All the Firms' Interactions with Communities
Firms increasingly recognize the potential opportunities from interacting with communities. Patagonia, a California-based company focused mainly on outdoor clothing, is a member of and major contributor to several environmental communities. Kiehl's a US cosmetic producer, supports the Heritage of Pride, a nonprofit group that organizes activities to support equality in human rights. Inspired by these observations Andrea Fosfuri and Marco Giarratana (Department of Management and Technology) jointly with Esther Roca (Universidad Carlos III de Madrid), in their paper Community-Focused Strategies (Strategic Organization, volume 9, issue 3, pages 222-239, doi: 10.1177/1476127011415248) published on), seek to understand better this phenomenon from a strategy viewpoint.

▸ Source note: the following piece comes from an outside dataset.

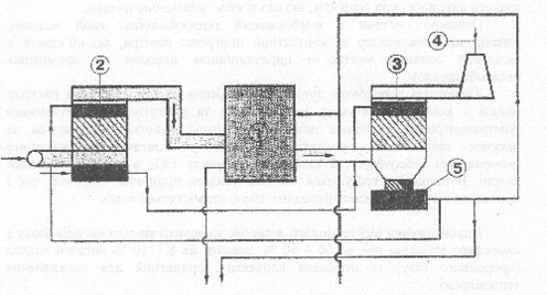 Нагретая в экономайзере вода собирается в поддоне и насосом подается частично на водораспределитель контактного воздухоподогревателя, откуда поступает на насадку контактной камеры, где при непосредственном контакте с холодным воздухом охлаждается и стекает в поддон. Остальная часть нагретой воды насосом подается через промежуточный теплообменник на систему защиты от обмерзания, а оттуда сливается в поддон. В теплообменнике происходит нагрев воды, подаваемой на внешние потребители (химводоочистку, систему горячего водоснабжения и т.п.). Охлажденная вода из поддона воздухоподогревателя через патрубки с гидрозатворами, соединенными с водораспределителем, подается для нагрева на насадку контактной камеры экономайзера.

Do firm-community interactions create or enhance competitive advantage? To answer these questions Fosfuri, Giarratana, and Roca create the notion of 'Community-focused Strategies' (CFS), which are defined as the actions that a focal firm undertakes to establish connections with one or more target communities of (potential) customers. The authors elaborate a taxonomy of these strategies and then, illustrate if and how they might lead to a competitive advantage. The authors classify four types of CFS labeled as signaling, identity-enhancing, identity-creation and avoiding.

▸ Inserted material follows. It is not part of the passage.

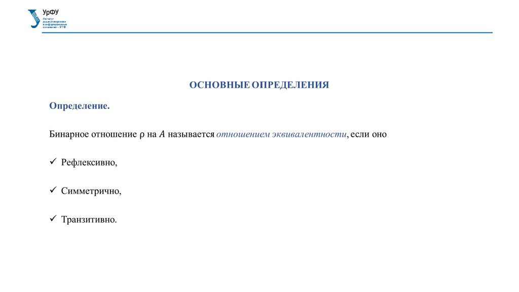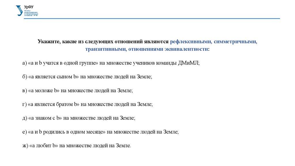 Укажите, какие из следующих отношений являются рефлексивными, симметричными,транзитивными, отношениями эквивалентности:

Signaling CFS indicate alignment of corporate values with the ones of the target community but with a weak commitment to community values. It happens in the case of Shell Oil, which often undertakes several well-advertised initiatives that reflect the congruence between its supported values and those of target communities, even if the company does not have any control over the pre-existing identities of those communities. Signaling CFS creates reputational assets for the firm, but they are easily replicable and the firm cannot expect to gain a sizable differentiation advantage.
Identity-enhancing CFS display a much stronger commitment of the focal company with community values, manifested through meetings and social events organized by the firm. For instance, O'Neill does regularly sponsor surf contests and beach-cleaning days. Thus, the firm and the community co-create values and identity, influencing each other in this process. Through identity-enhancing CFS, the focal firm obtains relationship-based intangible assets which are difficult to imitate and that are exploited to attach symbolic meaning (and thus greater willingness to pay) to its products.
Differently, identity-creation CFS require a more active engagement of the focal firm with the target community. It is the firm that provides through a set of well-synchronized actions new modified identities to its customers becoming the focal element of the community that would stop to exist if the firm withdrew. This is, for instance, the well-known example of brand communities such as Ducati, Harley-Davidson and Piaggio.
Finally, avoiding CFS occur when the firm differentiate itself from some communities in terms of values and identity. In conclusion, this is one of the first papers that systematize the different approaches that firms have to interact with communities and investigate how these different approaches can lead to a competitive advantage. The paper highlights several managerial implications on how to choose the best fitted CFS, the key resources to control, and the potential constraints that CFS could generate.